# Ride 135



## Mobcrack (Jan 15, 2010)

Just purchased another yak, 

2010 Ride 135 with Werner Camaro paddle, milk crate, anchor and trolley, yak atack light, custom cover and a yak stand, scotty rod holders

boat is like new

$450.00

Good Deal??


----------



## Paully (Sep 1, 2005)

$450....???

I hope you at least bought 'em a drink first...

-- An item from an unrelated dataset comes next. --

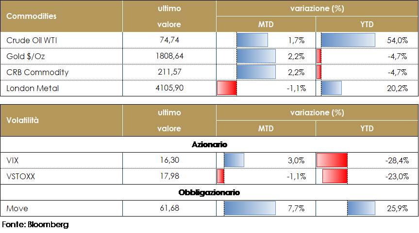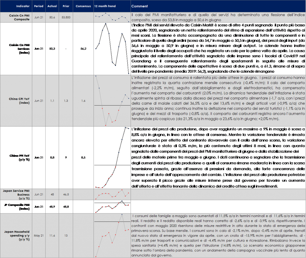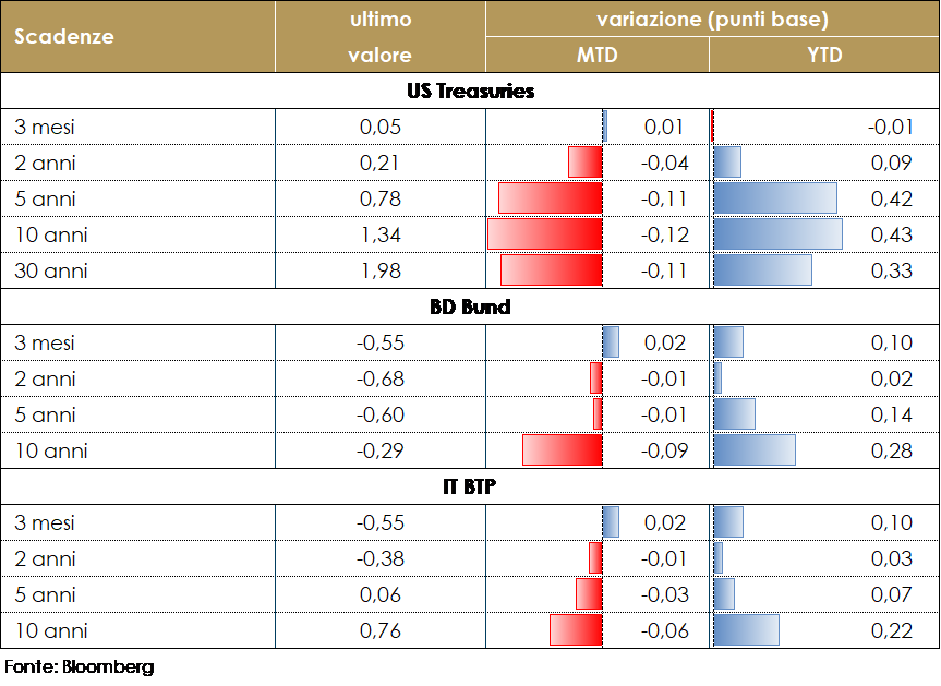 I rendimenti governativi a lungo termine statunitensi sono scesi significativamente durante la settimana appena conclusasi. Il decennale US è sceso sotto 1.3% per la prima volta da febbraio. Il movimento ha riflesso timori sia di una Fed meno accomodante sia per la crescita economica (dopo la pubblicazione di alcuni dati al di sotto delle aspettative e il crescente timore sui possibili impatti della variante Delta), ma è stato esacerbato da fattori come l’acquisto di CTA (Commodity Trading Advisor) e la copertura a breve. In realtà i verbali della riunione del FOMC di giugno hanno riservato poche sorprese e hanno ribadito il messaggio già espresso durante la conferenza stampa. I verbali riportano, come atteso, una diffusa sorpresa per il miglioramento dello scenario economico e per l’aumento dell’inflazione rispetto a quanto atteso in precedenza, grazie anche ai risultati positivi della campagna vaccinale. Le informazioni dei verbali sono in linea con quanto emerso dalla riunione stessa e dai molti discorsi dell’ultimo mese, senza nuovi dettagli di rilievo. Il messaggio in generale è non è più hawkish rispetto a quello della riunione di giugno, ma riporta la volontà del FOMC di essere preparati ad agire in caso di ulteriori sorprese.In Cina, invece, il timore di un rallentamento della crescita economia e degli effetti sulle piccole imprese della recente impennata dei prezzi delle materie prime ha portato la PBoC a tagliare il tasso di riserva obbligatorie per le banche (RRR), seppur ribadendo che non c’è alcun cambiamento nella strategia di politica monetaria, che resta più prudente. La decisione sarà effettiva a partire dal 15 luglio. Anche l’Area Euro ha partecipato a questo movimento risk-off, con breakeven inflation notevolmente più basse, spread sui titoli periferici più ampi e un calo del decennale tedesco. Inoltre, la Bce ha votato all’unanimità la nuova strategia di politica monetaria.Il mercato ha interpretato la conferenza stampa seguita alla pubblicazione della strategia come un evento dovish, che innalzerebbe la probabilità che politiche accomodanti continuino in presenza di temporanei overshoot dell’inflazione. L’annuncio ha dato un iniziale impulso al comparto obbligazionario europeo, facendo toccare al 10y Bund il minimo degli ultimi 3 mesi a -0.345%, quasi 5 bps in meno rispetto alla chiusura precedente. Tuttavia, dopo la conferenza i rendimenti è tonato attorno a -0,30%. PERFORMANCE DEI TITOLI GOVERNATIVI – Dati aggiornati alle 17.30 del 9 luglio 2021 VIEW STRATEGICA Governativo US: Le attese di un continuo sostegno monetario e la considerazione di temporaneità dell’aumento dell’inflazione hanno fatto diminuire la volatilità sui titoli obbligazioni. I rendimenti governativi statunitensi sono scesi nell’ultimo mese guidati da un calo del term premium. Esprimiamo una view neutrale. Governativo EU: I titoli governativi europei dovrebbero evidenziare un decoupling da quelli statunitensi, sulla scia delle aspettative di un ulteriore allentamento monetario da parte della BCE. A giugno la BCE, pur fiduciosa sulla ripresa, ha confermato che gli acquisti netti relativi al PEPP avverranno ad un ritmo significativamente superiore a quello di inizio 2021 dichiarando prematuro e non necessario un qualsiasi cambiamento dei parametri di politica monetaria. |

I have the same kayak and love it...that's a great deal without the extras.


tight lines paully


----------



## JAM (Jul 22, 2002)

*Did you get papers with this yak..*

Could be Stolen, too good of a deal .... JAM


----------



## Mobcrack (Jan 15, 2010)

yup its legit with orig papers, checked on the gear, the paddle alone is $175 yak atack light is around $80
Im feeling a little guilty but i gave him what he asked for,

Craigslist score!


----------



## JAM (Jul 22, 2002)

*Big score n congrats..*



Mobcrack said:


> yup its legit with orig papers, checked on the gear, the paddle alone is $175 yak atack light is around $80
> Im feeling a little guilty but i gave him what he asked for,
> 
> Craigslist score!


I love to see people get deals, and man you got a Great one, good luck with the new boat, if your in hte area and want to catch a few give me a call.. 

JAM


----------



## dnunn (Nov 6, 2010)

Mobcrack said:


> Craigslist score!


I think I saw the same listing and thought 'what a deal!' It didn't last long. I'm glad you got it.


----------